The Sons of Mudboy perform their variation of W. C. Handy’s “Memphis Blues” also known as “Mr. Crump Don’t Allow It Here” at the Sid Selvidge Tribute Concert at the Levitt Shell in Overton Park, 6/25/13
The band Sons of Mudboy AKA Three-Legged Dog is the logical outgrowth of the super Memphis group Mudboy and the Neutrons, which I have discussed at length in the past. Sons of Mudboy consists of Steve Selvidge, Luther Dickinson, Cody Dickinson and Paul Taylor, and as such was the perfect group to close out Tuesday night’s celebration of the life and work of Steve’s dad Sid Selvidge. The band played an acoustic set, which was followed by a fairly lengthy documentary about Sid Selvidge in which the late singer-songwriter discussed the impact of Furry Lewis and Black culture on his music, and also where he discussed the origins of the name Mudboy and the Neutrons. Then the band Son of Mudboy came back out and closed out this most important night of Memphis music with a final electric set.
Son of Mudboy performing Furry Lewis’ “Casey Jones” live at their Mingelwood Hall gig on Wednesday, April 3, 2013. This version of “Casey Jones” is also sometimes called “On The Road Again” or “Natural Born Eastman”, and paints a rather different image of the railroad hero than the traditional ballad. The origin of the term is obscure (perhaps deriving from “easy man”) but in old Black slang, an “eastman” was a pimp, and Furry Lewis emphasized Jones as a ladies man and rambler rather than a traditional hero.
I never got to hear Mudboy and the Neutrons in person, the rather bizarre Memphis supergroup consisting of Jim Dickinson, Lee Baker, Jimmy Crosthwait and Sid Selvidge, but I have been fortunate enough to hear their records. The spirit of Mudboy lives on in the form of Son of Mudboy, formerly Three-Legged Puppy, consisting of Luther and Cody Dickinson, Steve Selvidge and Paul Taylor. At their Minglewood Hall performance last night, Son of Mudboy performed traditional songs like “Casey Jones on the Road Again AKA Natural Born Eastman”, “Didn’t We Shake Sugaree”, “The Dark End of the Street” and “Going to Brownsville”, all songs that would be familiar to anyone who has heard the recorded works of Mudboy and the Neutrons.

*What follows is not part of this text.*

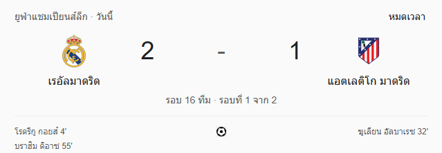 บ้านกีฬา พาคุณติดตาม ผลบอลสด ศึกยูฟ่าแชมเปียนส์ลีก รอบ 16 ทีมสุดท้าย นัดแรก ศึกมาดริดดาร์บี้แมตช์สุดดุเดือดที่สนามซานติอาโก้ เบร์นาเบว ระหว่าง เรอัล มาดริด ปะทะ แอตเลติโก มาดริด เกมนี้ทั้งสองทีมต่างงัดแทคติกออกมาสู้กันเต็มที่ แต่สุดท้ายเป็นทัพ ราชันชุดขาว ที่เฉือนเอาชนะไปได้ 2-1 กุมความได้เปรียบก่อนในนัดแรก

The rousing second set closed with Jim Dickinson’s feel-good call to civic revolution “Power to the People”, with its famous line “Lucille was there, but Beale Street was gone.” The crowd of a hundred or so demanded an encore, and the band obliged with the slow and mournful drug ballad “Codine” and a final joyful reading of “Hey, Bo Diddley.” Son of Mudboy will appear each Wednesday at Minglewood Hall during the month of April, starting at 8 PM.